The idea of democratic backsliding illuminates a process that’s at work in democracies today: the erosion of formal institutions, which can make it virtually impossible to hold politicians accountable, thereby eroding democracy itself, notes Didi Kuo, the associate director for research and a senior research scholar at Stanford University’s Center on Democracy, Development and the Rule of Law:
Ellen Lust and David Waldner, in a 2015 USAID white paper, described the process of democratic backsliding as comprising “changes that negatively affect competitive elections, liberties, and accountability.” Nancy Bermeo, in a 2016 article in the Journal of Democracy, defines it as a “state-led debilitation or elimination of the political institutions sustaining an existing democracy.”
Together, three books – Sheri Berman’s Democracy and Dictatorship in Europe, Suzanne Mettler and Robert Lieberman’s Four Threats: The Recurring Crises of American Democracy, and Steven Levitsky and Daniel Ziblatt’s How Democracies Die – challenge the assumption that democracy is assured simply because it is extant or longstanding, she writes for American Purpose.

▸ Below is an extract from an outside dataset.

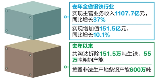 从运行情况看,全省钢铁行业运行平稳趋好。去年,全省钢铁行业实现主营业务收入1107.7亿元,同比增长37%。全行业实现增加值151.5亿元,同比增长10.1%,自2013年以来首次呈两位数增长。主要产品产量稳步提高,其中,生产生铁1322万吨,增长3.5%;粗钢1517.5万吨,增长7.1%;钢材1607万吨,下降2.9%;生产铁合金94.5万吨(含工业硅60万吨),增长28.7%;生产铁矿石原矿量2717万吨,增长16.4%。

The political conflicts that produced democracy involved struggles for power, control over institutions, and demands for recognition and dignity. But the powerful, even when they cede power, do so in ways that benefit themselves. As a result, democracy is always a precarious compromise, argues Kuo, the author of Clientelism, Capitalism, and Democracy: The Rise of Programmatic Politics in the United States and Britain.